[Proposal] Support ReadOnlySequence as input #61

ycrumeyrolle · 2019-02-03T12:47:42Z

The Encode / Decode operations support a ReadOnlySpan<byte> as data input.
It would be interesting to also support a ReadOnlySequence<byte> as data input for chunked data blocks.

The text was updated successfully, but these errors were encountered:

gfoidl · 2019-02-05T13:58:35Z

Thanks for the proposal. I like the idea, but have to think about it a bit more, as the same / similar could apply to the "output".

gfoidl · 2019-03-01T13:44:52Z

@ycrumeyrolle for your proposal what do you suggest for the "output"-side?
With ROSequence the input can be "endless", but I have no good idea where to write the encoded result.

If it tends to have overloads for pipelines, I'll rather push this to the consumer of this packages, as he knows where to read / write the data.

If well find a good solution for the output side, then your proposal would be nice to have.

ycrumeyrolle · 2019-03-02T13:31:52Z

Basically I would expect the same usage than the current implementation, I mean a Span as output.

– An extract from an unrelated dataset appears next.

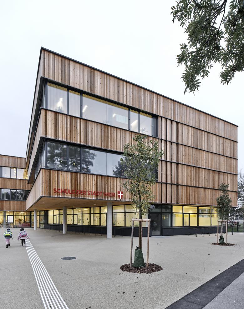 Ein adaptives Lernband – Die neue Volksschule Erlaaer Schleife 2 befindet sich an der Schnittstelle zwischen verschiedenen Stadträumen. Präzise ausgerichtet, vermittelt sie zwischen den benachbarten Bebauungen und bildet so einerseits den Abschluss der bestehenden Bildungsbauten entlang der U6 Trasse als auch den Auftakt zum neuen Stadterweiterungsgebiet In der Wiesen Ost. Die Schule ist als mehrfach geknicktes, adaptives Band konzipiert, das durch seine Knickung Freiräume mit unterschiedlichen Qualitäten erzeugt.

I was thinking something like this:

public static OperationStatus Decode(in ReadOnlySequence<byte> base64Url, Span<byte> data, out int bytesConsumed, out int bytesWritten)
{
    SequencePosition position = default;
    Span<byte> span = data;
    base64Url.TryGet(ref position, out ReadOnlyMemory<byte> previousSegment, advance: true);
    int totalConsumed = 0;
    int totalWritten = 0;
    OperationStatus status;
    while (base64Url.TryGet(ref position, out ReadOnlyMemory<byte> segment, advance: true))
    {
        status = _base64.Decode(previousSegment.Span, span, out bytesConsumed, out bytesWritten, isFinalBlock: false);
        totalConsumed += bytesConsumed;
        totalWritten += bytesWritten;
        if (status != OperationStatus.NeedMoreData)
        {
            return status;
        }

        span = data.Slice(totalWritten);
        previousSegment = segment;
    }

    status  = _base64.Decode(previousSegment.Span, span, out bytesConsumed, out bytesWritten, isFinalBlock: true);
    bytesConsumed += totalConsumed;
    bytesWritten += totalWritten;
    return status;
}

gfoidl · 2019-03-02T15:18:25Z

How do you know how much space to allocate for data (output)?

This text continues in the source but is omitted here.